▼

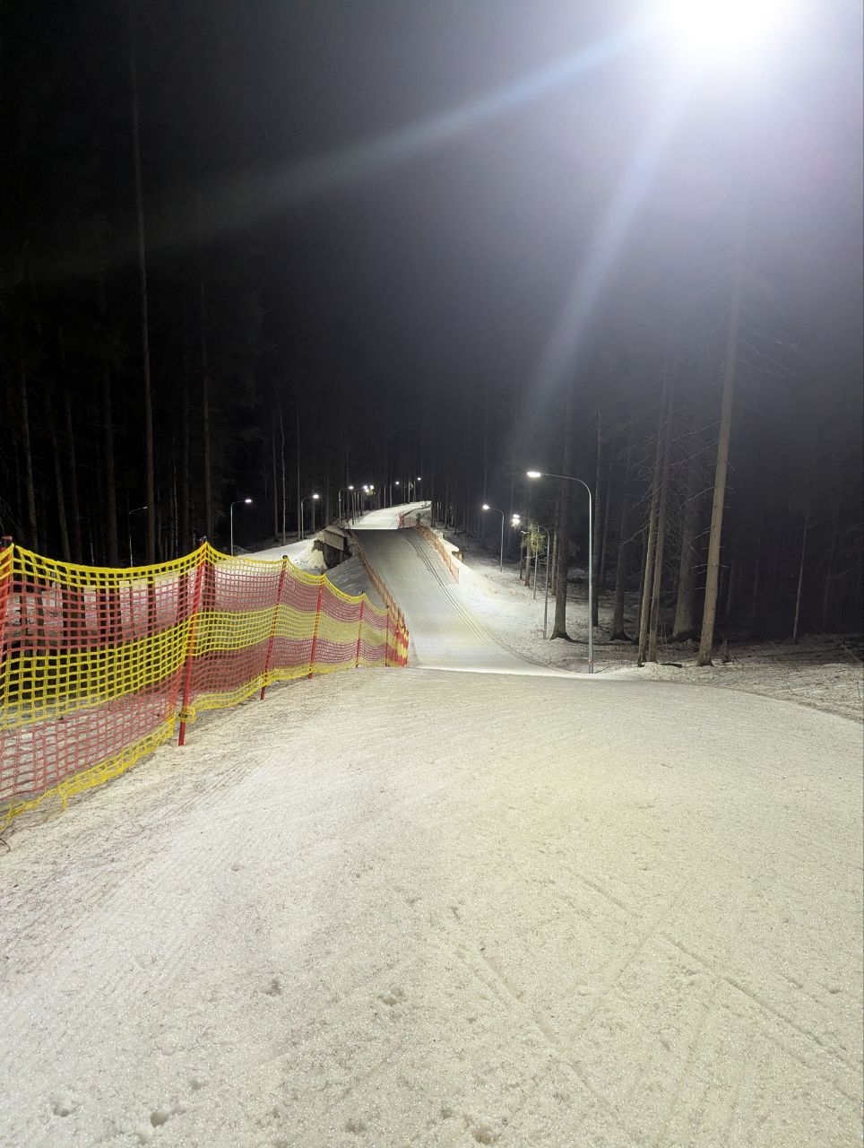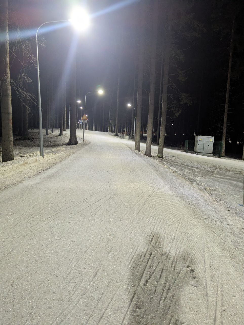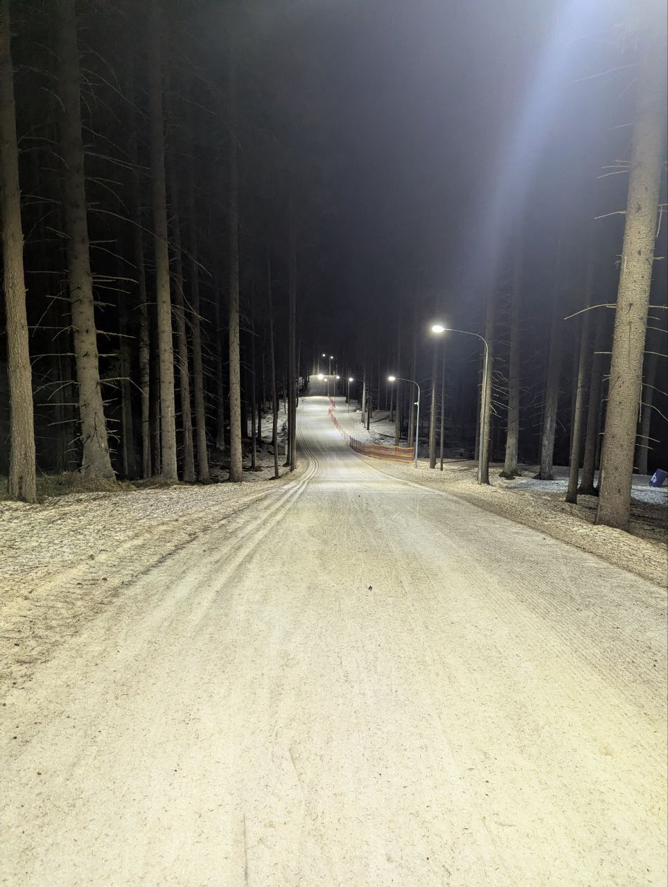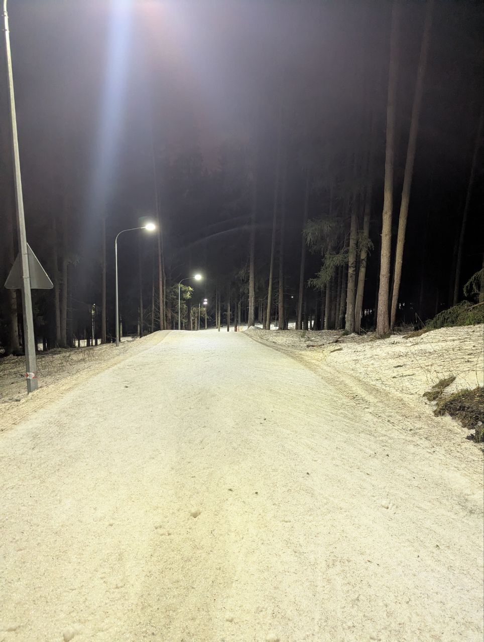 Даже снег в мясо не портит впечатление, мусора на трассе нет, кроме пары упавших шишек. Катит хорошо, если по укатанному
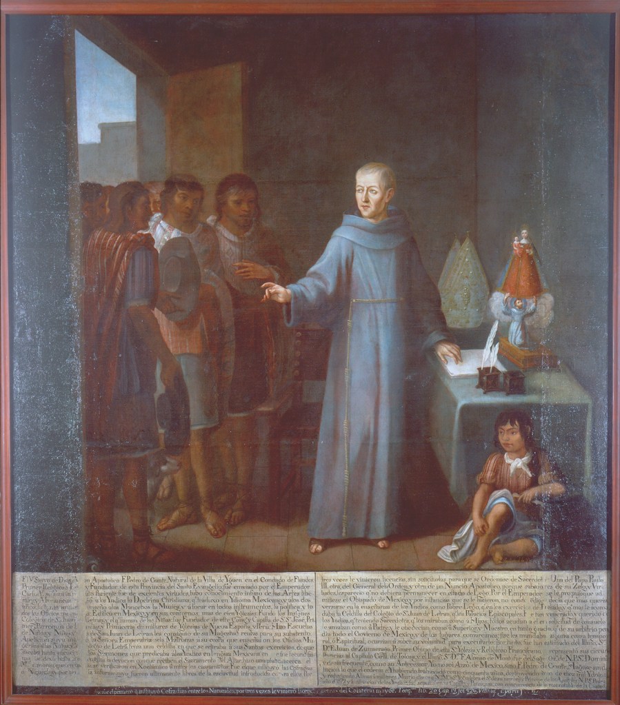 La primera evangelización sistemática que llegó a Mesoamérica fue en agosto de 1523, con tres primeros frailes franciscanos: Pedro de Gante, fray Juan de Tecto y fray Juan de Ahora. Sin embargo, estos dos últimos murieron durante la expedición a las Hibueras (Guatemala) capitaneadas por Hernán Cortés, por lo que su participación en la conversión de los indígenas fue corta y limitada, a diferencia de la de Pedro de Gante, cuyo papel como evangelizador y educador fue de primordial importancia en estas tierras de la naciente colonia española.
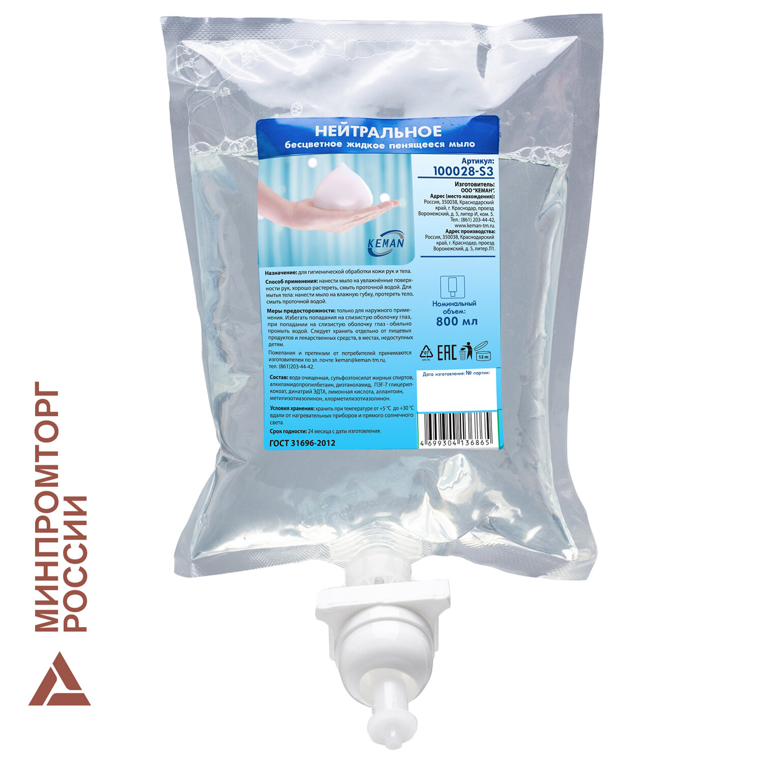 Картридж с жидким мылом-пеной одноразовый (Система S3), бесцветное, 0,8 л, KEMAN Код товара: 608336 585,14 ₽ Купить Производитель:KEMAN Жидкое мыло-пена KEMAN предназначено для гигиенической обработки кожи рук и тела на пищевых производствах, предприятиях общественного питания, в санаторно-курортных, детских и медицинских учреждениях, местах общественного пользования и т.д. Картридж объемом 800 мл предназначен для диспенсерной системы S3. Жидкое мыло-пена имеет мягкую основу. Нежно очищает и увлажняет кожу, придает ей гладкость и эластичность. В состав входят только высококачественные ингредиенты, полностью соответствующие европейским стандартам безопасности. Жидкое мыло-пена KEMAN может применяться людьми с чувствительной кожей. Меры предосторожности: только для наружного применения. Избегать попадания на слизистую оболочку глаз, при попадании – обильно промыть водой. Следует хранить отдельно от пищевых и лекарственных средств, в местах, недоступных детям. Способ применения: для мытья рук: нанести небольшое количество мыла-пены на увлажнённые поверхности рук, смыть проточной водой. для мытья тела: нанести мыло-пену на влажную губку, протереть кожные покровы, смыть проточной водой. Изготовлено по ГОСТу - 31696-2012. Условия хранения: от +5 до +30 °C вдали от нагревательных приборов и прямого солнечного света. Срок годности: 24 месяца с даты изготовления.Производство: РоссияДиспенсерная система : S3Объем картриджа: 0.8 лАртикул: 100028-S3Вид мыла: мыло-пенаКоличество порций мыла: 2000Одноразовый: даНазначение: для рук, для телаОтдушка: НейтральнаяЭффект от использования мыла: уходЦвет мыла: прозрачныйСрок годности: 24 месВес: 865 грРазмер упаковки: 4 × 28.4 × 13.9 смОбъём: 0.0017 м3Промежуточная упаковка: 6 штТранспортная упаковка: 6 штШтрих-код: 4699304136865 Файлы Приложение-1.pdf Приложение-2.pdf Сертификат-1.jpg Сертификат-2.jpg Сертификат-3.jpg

▲

Only the text of the material belongs in your copy, which must match the original exactly.

 Даже снег в мясо не портит впечатление, мусора на трассе нет, кроме пары упавших шишек. Катит хорошо, если по укатанному
 La primera evangelización sistemática que llegó a Mesoamérica fue en agosto de 1523, con tres primeros frailes franciscanos: Pedro de Gante, fray Juan de Tecto y fray Juan de Ahora. Sin embargo, estos dos últimos murieron durante la expedición a las Hibueras (Guatemala) capitaneadas por Hernán Cortés, por lo que su participación en la conversión de los indígenas fue corta y limitada, a diferencia de la de Pedro de Gante, cuyo papel como evangelizador y educador fue de primordial importancia en estas tierras de la naciente colonia española.
 Картридж с жидким мылом-пеной одноразовый (Система S3), бесцветное, 0,8 л, KEMAN Код товара: 608336 585,14 ₽ Купить Производитель:KEMAN Жидкое мыло-пена KEMAN предназначено для гигиенической обработки кожи рук и тела на пищевых производствах, предприятиях общественного питания, в санаторно-курортных, детских и медицинских учреждениях, местах общественного пользования и т.д. Картридж объемом 800 мл предназначен для диспенсерной системы S3. Жидкое мыло-пена имеет мягкую основу. Нежно очищает и увлажняет кожу, придает ей гладкость и эластичность. В состав входят только высококачественные ингредиенты, полностью соответствующие европейским стандартам безопасности. Жидкое мыло-пена KEMAN может применяться людьми с чувствительной кожей. Меры предосторожности: только для наружного применения. Избегать попадания на слизистую оболочку глаз, при попадании – обильно промыть водой. Следует хранить отдельно от пищевых и лекарственных средств, в местах, недоступных детям. Способ применения: для мытья рук: нанести небольшое количество мыла-пены на увлажнённые поверхности рук, смыть проточной водой. для мытья тела: нанести мыло-пену на влажную губку, протереть кожные покровы, смыть проточной водой. Изготовлено по ГОСТу - 31696-2012. Условия хранения: от +5 до +30 °C вдали от нагревательных приборов и прямого солнечного света. Срок годности: 24 месяца с даты изготовления.Производство: РоссияДиспенсерная система : S3Объем картриджа: 0.8 лАртикул: 100028-S3Вид мыла: мыло-пенаКоличество порций мыла: 2000Одноразовый: даНазначение: для рук, для телаОтдушка: НейтральнаяЭффект от использования мыла: уходЦвет мыла: прозрачныйСрок годности: 24 месВес: 865 грРазмер упаковки: 4 × 28.4 × 13.9 смОбъём: 0.0017 м3Промежуточная упаковка: 6 штТранспортная упаковка: 6 штШтрих-код: 4699304136865 Файлы Приложение-1.pdf Приложение-2.pdf Сертификат-1.jpg Сертификат-2.jpg Сертификат-3.jpg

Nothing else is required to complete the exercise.